Segment Start: Records to process

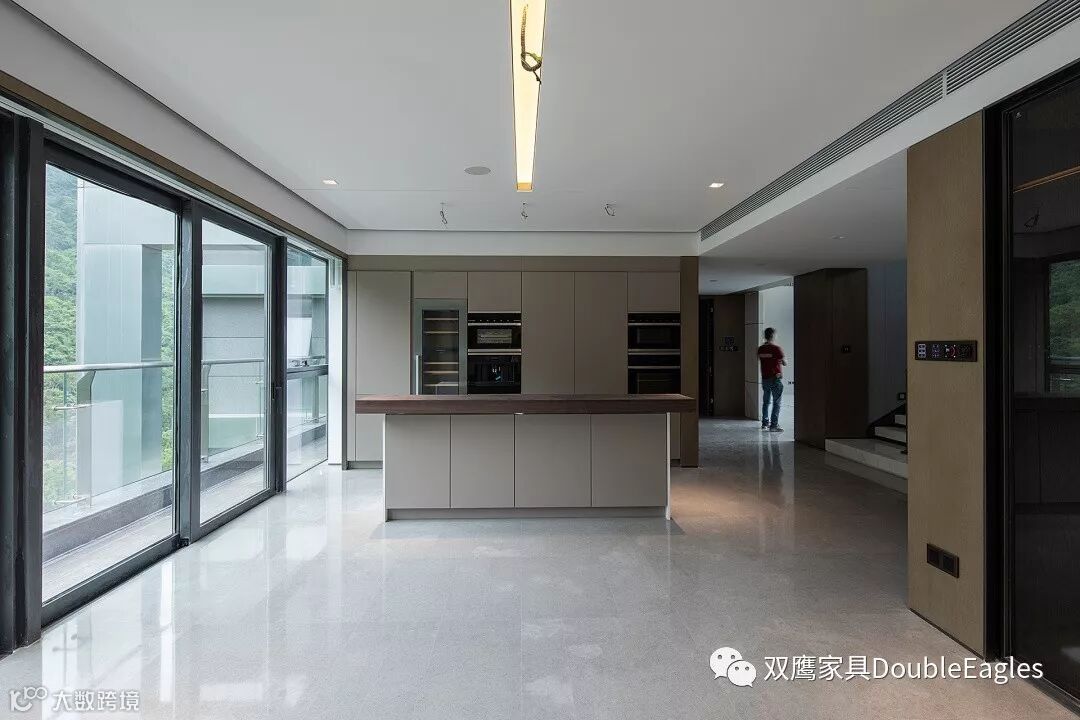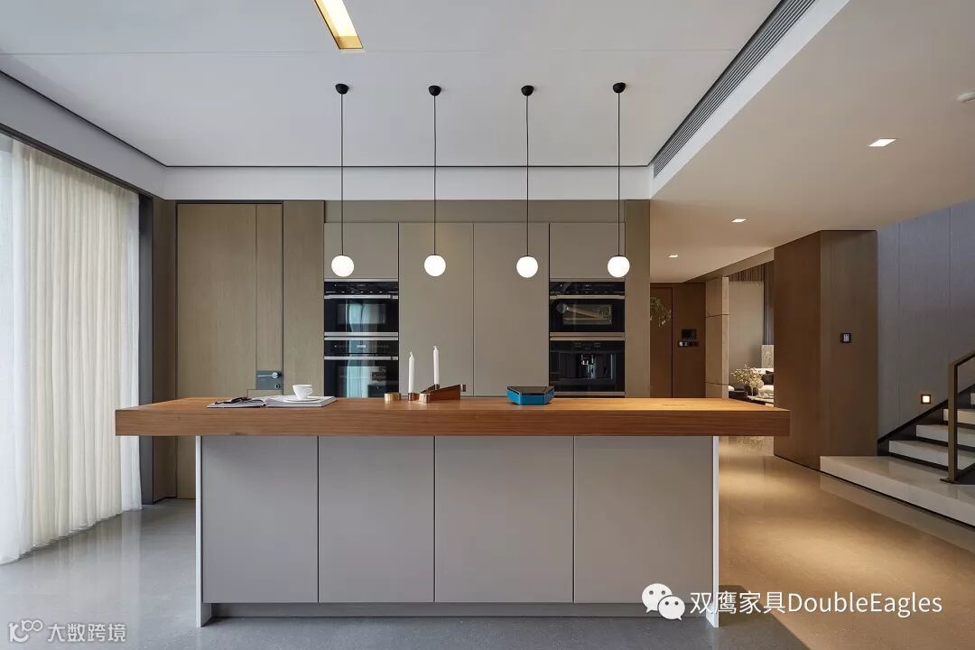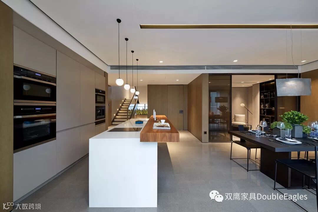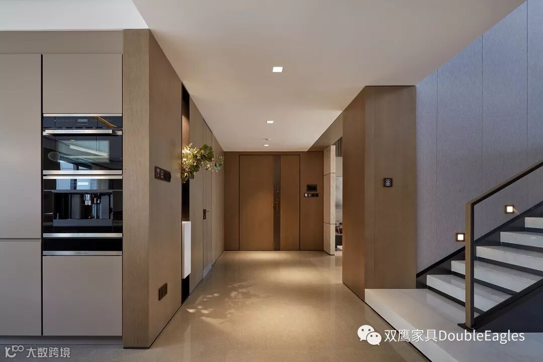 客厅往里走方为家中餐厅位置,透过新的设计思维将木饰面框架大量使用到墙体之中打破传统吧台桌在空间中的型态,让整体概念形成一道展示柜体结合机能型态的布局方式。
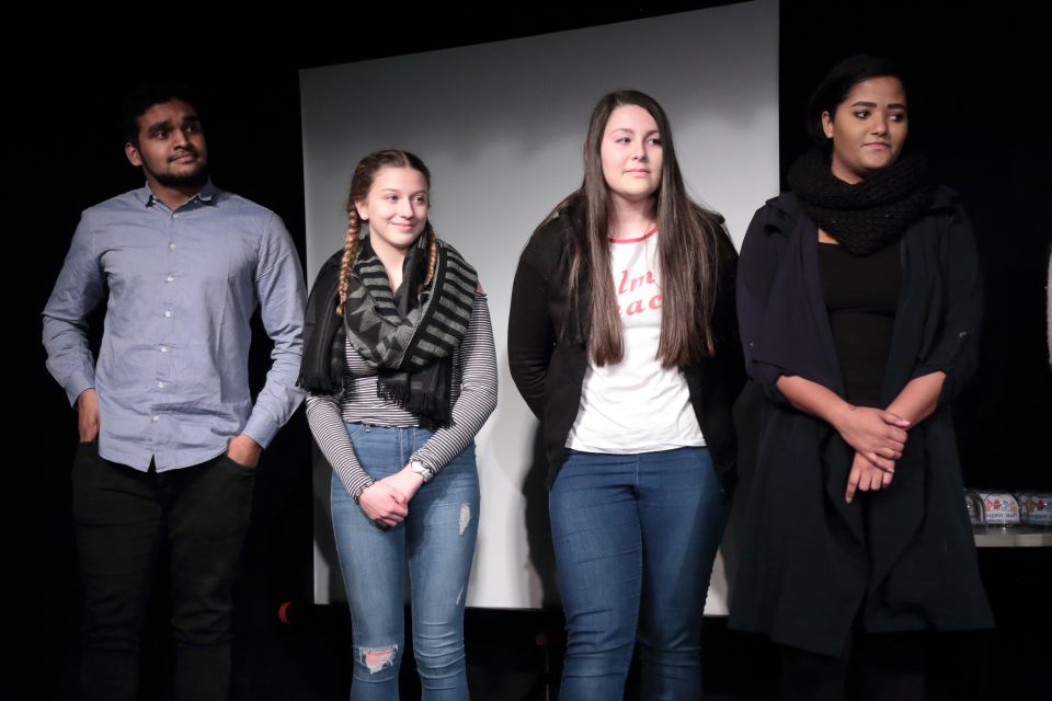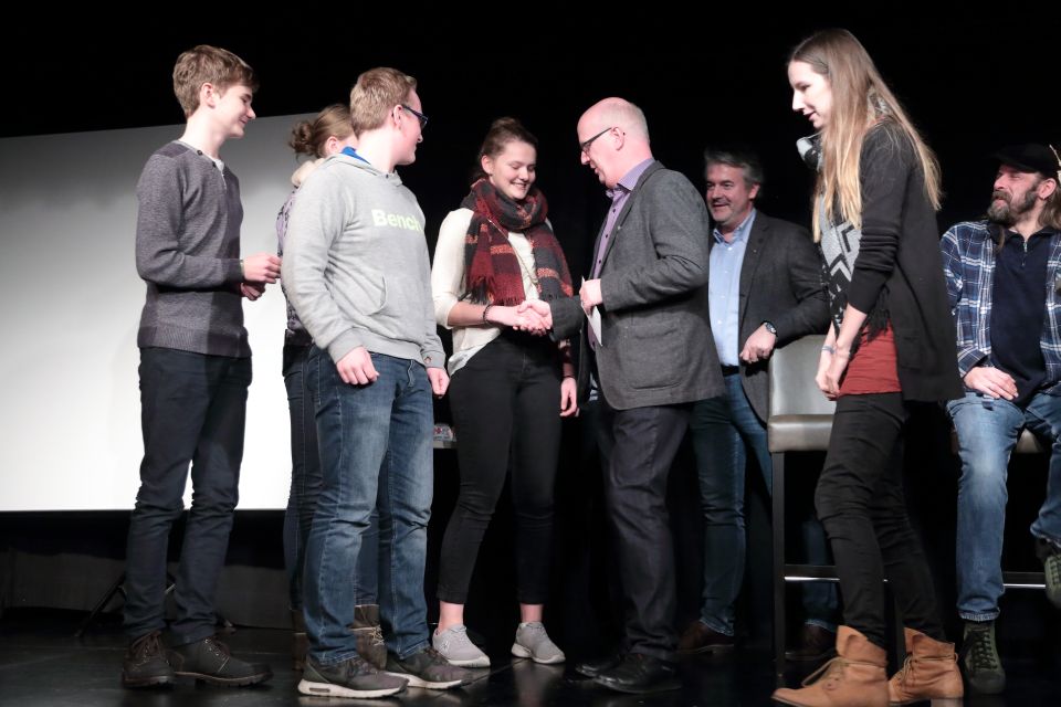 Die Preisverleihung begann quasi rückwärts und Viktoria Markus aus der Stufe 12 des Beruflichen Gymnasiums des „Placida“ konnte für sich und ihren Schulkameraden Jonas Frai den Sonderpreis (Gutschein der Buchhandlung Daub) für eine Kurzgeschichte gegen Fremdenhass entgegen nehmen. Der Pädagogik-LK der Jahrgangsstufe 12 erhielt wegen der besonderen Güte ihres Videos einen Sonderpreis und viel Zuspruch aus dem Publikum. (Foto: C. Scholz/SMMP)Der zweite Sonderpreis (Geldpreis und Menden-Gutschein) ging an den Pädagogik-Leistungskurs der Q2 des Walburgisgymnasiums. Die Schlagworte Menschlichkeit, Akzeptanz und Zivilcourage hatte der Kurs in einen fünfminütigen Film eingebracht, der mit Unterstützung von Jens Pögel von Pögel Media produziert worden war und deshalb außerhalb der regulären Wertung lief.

Segment End: Records to process
Segment Start: Records to process

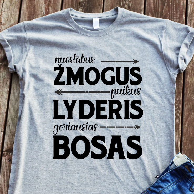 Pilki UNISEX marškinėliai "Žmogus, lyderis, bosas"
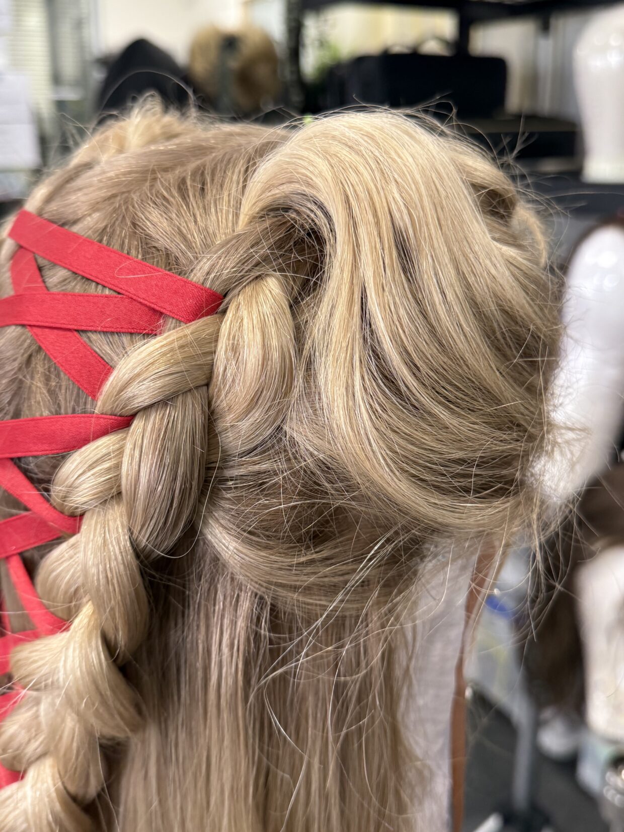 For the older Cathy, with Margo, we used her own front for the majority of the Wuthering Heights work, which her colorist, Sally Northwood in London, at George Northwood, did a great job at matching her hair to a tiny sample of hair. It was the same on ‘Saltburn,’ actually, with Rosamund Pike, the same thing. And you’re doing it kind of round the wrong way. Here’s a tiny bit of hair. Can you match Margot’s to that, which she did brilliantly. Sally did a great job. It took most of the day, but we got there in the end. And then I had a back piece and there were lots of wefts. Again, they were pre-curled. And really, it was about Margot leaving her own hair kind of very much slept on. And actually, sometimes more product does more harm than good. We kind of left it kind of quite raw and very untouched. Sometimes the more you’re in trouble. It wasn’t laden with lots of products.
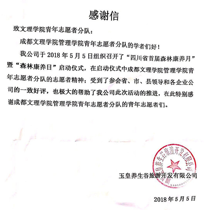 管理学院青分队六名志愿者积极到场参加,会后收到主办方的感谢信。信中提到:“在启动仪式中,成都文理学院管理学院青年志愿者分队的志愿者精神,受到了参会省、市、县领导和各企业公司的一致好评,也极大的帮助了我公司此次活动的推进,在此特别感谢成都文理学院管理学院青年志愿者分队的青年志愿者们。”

Segment End: Records to process

Make an exact copy of the lines above, beginning with the line with "客厅往里走方为家中餐厅位置,透过新的设计" and ending with the line with "Die Preisverleihung begann", and keep the pictures out of it.

Completed exercise:
 客厅往里走方为家中餐厅位置,透过新的设计思维将木饰面框架大量使用到墙体之中打破传统吧台桌在空间中的型态,让整体概念形成一道展示柜体结合机能型态的布局方式。
 Die Preisverleihung begann quasi rückwärts und Viktoria Markus aus der Stufe 12 des Beruflichen Gymnasiums des „Placida“ konnte für sich und ihren Schulkameraden Jonas Frai den Sonderpreis (Gutschein der Buchhandlung Daub) für eine Kurzgeschichte gegen Fremdenhass entgegen nehmen. Der Pädagogik-LK der Jahrgangsstufe 12 erhielt wegen der besonderen Güte ihres Videos einen Sonderpreis und viel Zuspruch aus dem Publikum. (Foto: C. Scholz/SMMP)Der zweite Sonderpreis (Geldpreis und Menden-Gutschein) ging an den Pädagogik-Leistungskurs der Q2 des Walburgisgymnasiums. Die Schlagworte Menschlichkeit, Akzeptanz und Zivilcourage hatte der Kurs in einen fünfminütigen Film eingebracht, der mit Unterstützung von Jens Pögel von Pögel Media produziert worden war und deshalb außerhalb der regulären Wertung lief.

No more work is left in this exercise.